1. ## Integrating Factor Problem

Find the solution of the initial value problem.

$\displaystyle ty' + (t+1)y = t$ ; $\displaystyle y(ln2) = 1$ ; $\displaystyle t > 0$

$\displaystyle \frac{dy}{dx} + p(x)y = Q(x)$

$\displaystyle y' + \left(1 + \frac{1}{t} \right)y = 1$

$\displaystyle p(t) = 1 + \frac{1}{t}$ ; $\displaystyle Q(t) = 1$

$\displaystyle \int p(x) = \int 1 + \frac{1}{t} dt = t + ln(t)$

Integrating Factor: $\displaystyle e^{t + ln(t)} = e^{t}e^{ln(t)} = te^t$

$\displaystyle te^t \left[y' + \left(1 + \frac{1}{t} \right)y \right] = te^t$

$\displaystyle te^t y' + \left(1 + \frac{1}{t} \right)y = te^t$

$\displaystyle u'v + v'u = \frac{d}{dx} (uv)$ ; $\displaystyle u = y$ ; $\displaystyle v = te^t$

$\displaystyle \frac{d}{dt}[yte^t] = te^t$

$\displaystyle \int d[yte^t] = \int te^t dt$

$\displaystyle yte^t = \int te^t dt$

Integrate by Parts: $\displaystyle \int te^t dt = te^t - e^t$

$\displaystyle yte^t = te^t - e^t$

$\displaystyle y(t) = 1 - \frac{1}{t} + C$

Initial Condition: $\displaystyle y(ln2) = 1$

$\displaystyle y(ln2) = 1 = 1 - \frac{1}{ln2} + C$

$\displaystyle C = \frac{1}{ln2}$

My Solution: $\displaystyle y(t) = 1 - \frac{1}{t} + \frac{1}{ln2}$

Book Solution: $\displaystyle y(t) = \frac{t - 1 + 2e^{-t}}{t}$

Where exactly did I go wrong?

2. ## Re: Integrating Factor Problem

Originally Posted by VitaX
Find the solution of the initial value problem.

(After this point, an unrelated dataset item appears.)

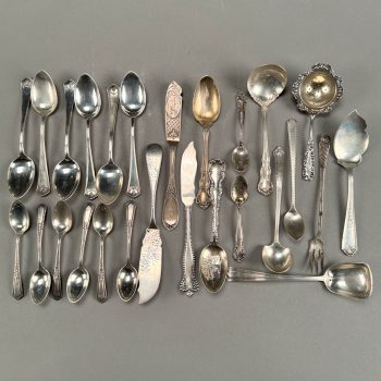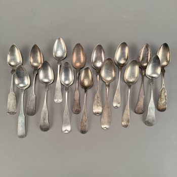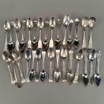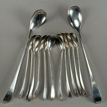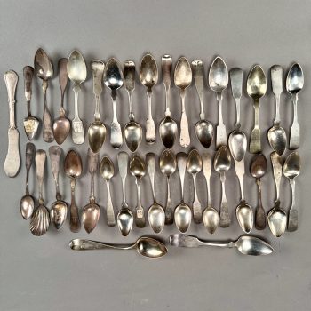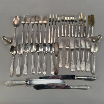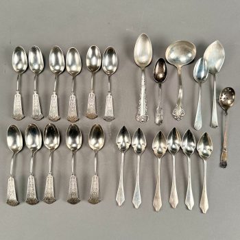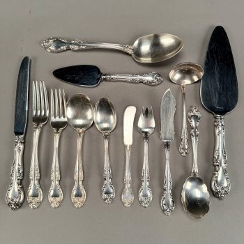Home / ANTIQUE ESTATE AUCTION - FRI MARCH 27 AT 6 PM / Page 2 ANTIQUE ESTATE AUCTION - FRI MARCH 27 AT 6 PM Showing 61–120 of 344 results Default sorting Sort by popularity Sort by latest Sort by price: low to high Sort by price: high to low LOT 061 SILVER & TURQUOISE BOLO SLIDE HAVING A BUFFALO NICKEL, BUFFALO HEAD AND TURQUOISE CHUNK. 2-3/4 X 2″ LOT 062 SILVER & MARCASITE DRAGON PIN. 2-1/2″(L), 1-1/2″(H) LOT 063 CHARM BRACELET HAVING 21 CHARMS (SOME STERLING) LOT 064 FOUR MORGAN SILVER DOLLARS, 1879, 1880, 1881, 1887o LOT 065 PAIR OF TIFFANY & CO. STERLING SILVER CANDLESTICKS MARKED “TIFFANY & CO. STERLING DENMARK”. 6-1/2″(H), 25.4 OZT LOT 066 TIFFANY & CO. COIN SILVER SERVING SPOON ALSO MARKED HH&CO. PATENT 1853. ORIENTAL PATTERN 12-1/2”(L) 4.8 OZT LOT 067 ANTIQUE RUSSIAN NIELLO HINGED BOX BY VIKTOR SAVINKOV, MOSCOW 1884. THE TOP DECORATED WITH A BUILDING, INTERIOR FULLY HALLMARKED LOT 068 STERLING TOP CLEAR GLASS PERFUME. 5″(H), ENGLISH HALLMARKS LOT 069 STERLING SILVER SWING HANDLE RETICULATED BASKET. 7-1/2″(W) X 5-1/2″(D), 4″(H), 5.3 OZT LOT 070 THIRTEEN PIECES OF ARTHUR J. STONE STERLING SILVER INCLUDING TWO 12″ STIRRING SPOONS BY EDWARD BILLINGS AND ELEVEN 7-3/4″ SPOONS BY GEORGE C. ERICKSON. 15.4 OZT LOT 071 ARTHUR J. STONE STERLING SILVER PITCHER BY MAGNUS CARLBERG. 4″(H), 9.6 OZT LOT 072 ENGLISH STERLING SILVER CHAMBERSTICK BY THE ALEX CLARK MANUFACTURING CO. LONDON, 1901 WITH SNUFFER AND BOBECHE, 3″(H), 7″(L), 8 OZT LOT 073 TOWLE STERLING SILVER SUGAR AND CREAMER. 5.5 OZT LOT 074 SIXTY-ONE PC STERLING FLATWARE SET BY GORHAM IN THE “MELROSE PATTERN, SERVICE FOR 8, WITH BOX. 73 OZT LOT 075 THIRTY-SEVEN PCS OF COIN SILVER FLATWARE. 19.3 OZT LOT 076 FORTY-ONE PCS OF SILVER INCLUDING 16 PCS OF COIN SILVER (18 OZT) AND 25 PCS OF WEIGHTED HOLLOW HANDLED FLATWARE PIECES LOT 077 TWENTY-THREE PCS OF STERLING SILVER FLATWARE, SOME OF WHICH IS ENGLISH. 19.9 OZT LOT 078 TWENTY-SIX PCS OF STERLING SILVER FLATWARE INCLUDING SOME SMALL SERVING PIECES. 15.7 OZT LOT 079 THIRTY PCS OF COIN SILVER FLATWARE. 17.6 OZT LOT 080 FIFTEEN COIN SILVER TABLESPOONS. 20.3 OZT LOT 081 GEORG JENSEN STERLING SILVER TEA STRAINER IN THE ACORN PATTERN 5”(L), 1.2 OZT LOT 082 GEORG JENSEN STERLING SILVER PIE SERVER IN THE ACORN PATTERN 10-1/2” (L) 4 OZT LOT 083 GEORG JENSEN SET OF 8, 4-1/2”(L) STERLING SILVER SPOONS IN THE ACORN PATTERN. 4 OZT LOT 084 GEORG JENSEN STERLING SILVER CARVING SET IN THE ACORN PATTERN, 12-1/2” KNIFE, 10-1/2” FORK LOT 085 THREE PIECES OF GEORG JENSEN STERLING SILVER 10-1/4” KNIFE, 8” FORK, 11” KNIFE, ALL IN THE ACORN PATTERN LOT 086 STERLING FOOTED BOWL, WEIGHTED. 5″(H), 9″(D) LOT 087 TWO JOSH SIMPSON SPHERES, 1 WITH BEVELED BOTTOM SIGNED, THE OTHER ROUND WITH SIGNATURE. 1-3/4″(D) LOT 088 TWO JOSH SIMPSON GLASS SPHERE PLANETS ON LUCITE STANDS. 1-3/4″(D) LOT 089 CHIPPENDALE 9-DRAWER TALL CHEST, 3 OVER 2 OVER 4 GRADUATED DRAWERS ON BRACKET BASE. 64″(H), 37″(W), 19-1/2″(D) LOT 090 ANTIQUE MAHOGANY BANJO CLOCK, TIME ONLY, PENDULUM AND WEIGHT PRESENT. 32-1/2″(H) LOT 091 INLAID MAHOGANY HEPPLEWHITE MARTHA WASHINGTON SEWING STAND WITH 3 DRAWERS AND 2 HINGED LID COMPARTMENTS. 29″(H), 28″(W), 13-1/4″(D) LOT 092 AFTER JOHN JAMES AUDUBON, “CAROLINA PARROT”, PLATE 278, CHROMOLITHOGRAPH, J. BIEN EDITION 1860 NEW YORK, FRAMED. 35-3/4 X 24 SIGHT SIZE, NOT EXAMINED OUT OF FRAME LOT 093 DIMINUTIVE CHIPPENDALE BUTLER’S CHEST WITH SLIDE HAVING 2 OVER 3 DRAWERS, APPLIED MOLDED TOP AND BRACKET BASE. 29-1/4″(H), 29-1/2″(W), 16″(D) LOT 094 QUEEN ANNE MAHOGANY 2-PART HIGHBOY, TOP SECTION WITH 8 DRAWERS, BOTTOM WITH 2 DRAWERS, 65″(H), TOP CASE 37″(W), 20″(D), BOTTOM 39″(W), 21″(D) LOT 095 INLAID ROUND TOP QUEEN ANNE STYLE CANDLESTAND. 20-3/4″(H) X 16″(D) LOT 096 ROBERT BLISS, AFTERNOON REST, OIL ON MASONITE, SIGNED AND DATED BOTTOM RIGHT, FRAMED. 22 X 36 LOT 097 REPRODUCTION PRESENTATION BANJO CLOCK BY FOSTER S. CAMPOS, PEMBROKE, MA, WITH MT. VERNON GLASS, PENDULUM & WEIGHT PRESENT. 38-1/2″(H) LOT 098 QUEEN ANNE SWING LEG HALF ROUND CARD OR CENTER TABLE. 27″(H), 32″(W), 15″(D) LOT 099 HEPPLEWHITE 1-DRAWER STAND. 29″(H), 20″(W), 16-1/4″(D) LOT 100 SET OF 4 ANTIQUE STEP DOWN WINDSOR SIDE CHAIRS. 36″(H) LOT 101 ANTIQUE MAHOGANY BANJO CLOCK, TIME ONLY, PENDULUM AND WEIGHT PRESENT. 29″(H) LOT 102 CHIPPENDALE ARMCHAIR WITH SLIP SEAT 39”(H) LOT 103 ANTIQUE SET OF BALUSTER PEWTER MEASURES. 2-1/4″(H) – 6-1/4″(H) LOT 104 SIX ANTIQUE PEWTER PLATES. 14-3/4 -7-1/2″(D) LOT 105 EIGHT PCS OF ANTIQUE PEWTER INCLUDING PAIR 4″ CANDLESTICKS LOT 106 BRACKET BASE BLANKET CHEST WITH DOVETAIL CONSTRUCTION. 18″(H), 37-3/4″(W), 15″(D) LOT 107 JESS EVERETT SLATER, AUTUMN IN NEW ENGLAND, OIL ON CANVAS BOARD, SIGNED LOWER LEFT, FRAMED. 18 X 24 LOT 108 ASSEMBLED SET OF 4 ANTIQUE STEP DOWN WINDSOR SIDE CHAIRS. 34″(H) LOT 109 BRACKET BASE BLANKET CHEST WITH DOVETAIL CONSTRUCTION AND TILL. 20″(H), 37-1/4″(W), 17-1/2″(D) LOT 110 ANTIQUE MAHOGANY WASHSTAND HAVING 1 DRAWER, 1 DOOR AND GALLERY TOP. 38″(H), 20″(W), 15″(D) LOT 111 UNSIGNED B.G. HIGGINS, CHESTERFIELD, MA RECTANGULAR FIXED HANDLE BASKET ALONG WITH THE BASKET SHOP HAT. 7-3/4″(H) W/O HANDLE, 20-1/2 X 13-1/2 LOT 112 UNSIGNED B.G. HIGGINS, CHESTERFIELD, MA RECTANGULAR FIXED HANDLE BASKET. 12-1/2″(H) W/O HANDLE, 8-1/2 X 15 LOT 113 UNSIGNED B.G. HIGGINS, CHESTERFIELD, MA BASKET WITH FIXED HANDLE. 5-1/4″(H) W/O HANDLE, 12″(D) LOT 114 UNSIGNED B.G. HIGGINS, CHESTERFIELD, MA RECTANGULAR FIXED HANDLE BASKET, 7-1/2″(H) W/O HANDLE, 20-1/2 X 13-3/4 LOT 115 UNSIGNED B.G. HIGGINS, CHESTERFIELD, MA FIXED HANDLE BASKET. 5″(H), 11-1/2″(D) LOT 116 UNSIGNED B.G. HIGGINS, CHESTERFIELD, MA RECTANGULAR DOUBLE SWING HANDLED BASKET. 14″(H), 18 X 9 LOT 117 UNSIGNED B.G. HIGGINS, CHESTERFIELD, MA BASKET WITH SWING HANDLE. 11″(H), 14-1/4″(D) LOT 118 UNSIGNED B.G. HIGGINS, CHESTERFIELD, MA BASKET WITH SWING HANDLE. 8″(H), 11-1/2″(D) LOT 119 TW

$\displaystyle ty' + (t+1)y = t$ ; $\displaystyle y(ln2) = 1$ ; $\displaystyle t > 0$

$\displaystyle \frac{dy}{dx} + p(x)y = Q(x)$

$\displaystyle y' + \left(1 + \frac{1}{t} \right)y = 1$

$\displaystyle p(t) = 1 + \frac{1}{t}$ ; $\displaystyle Q(t) = 1$

$\displaystyle \int p(x) = \int 1 + \frac{1}{t} dt = t + ln(t)$

Integrating Factor: $\displaystyle e^{t + ln(t)} = e^{t}e^{ln(t)} = te^t$

$\displaystyle te^t \left[y' + \left(1 + \frac{1}{t} \right)y \right] = te^t$

$\displaystyle te^t y' + \left(1 + \frac{1}{t} \right)y = te^t$

$\displaystyle u'v + v'u = \frac{d}{dx} (uv)$ ; $\displaystyle u = y$ ; $\displaystyle v = te^t$

$\displaystyle \frac{d}{dt}[yte^t] = te^t$

$\displaystyle \int d[yte^t] = \int te^t dt$

$\displaystyle yte^t = \int te^t dt$

Integrate by Parts: $\displaystyle \int te^t dt = te^t - e^t$

$\displaystyle yte^t = te^t - e^t$ This is where you made your mistake.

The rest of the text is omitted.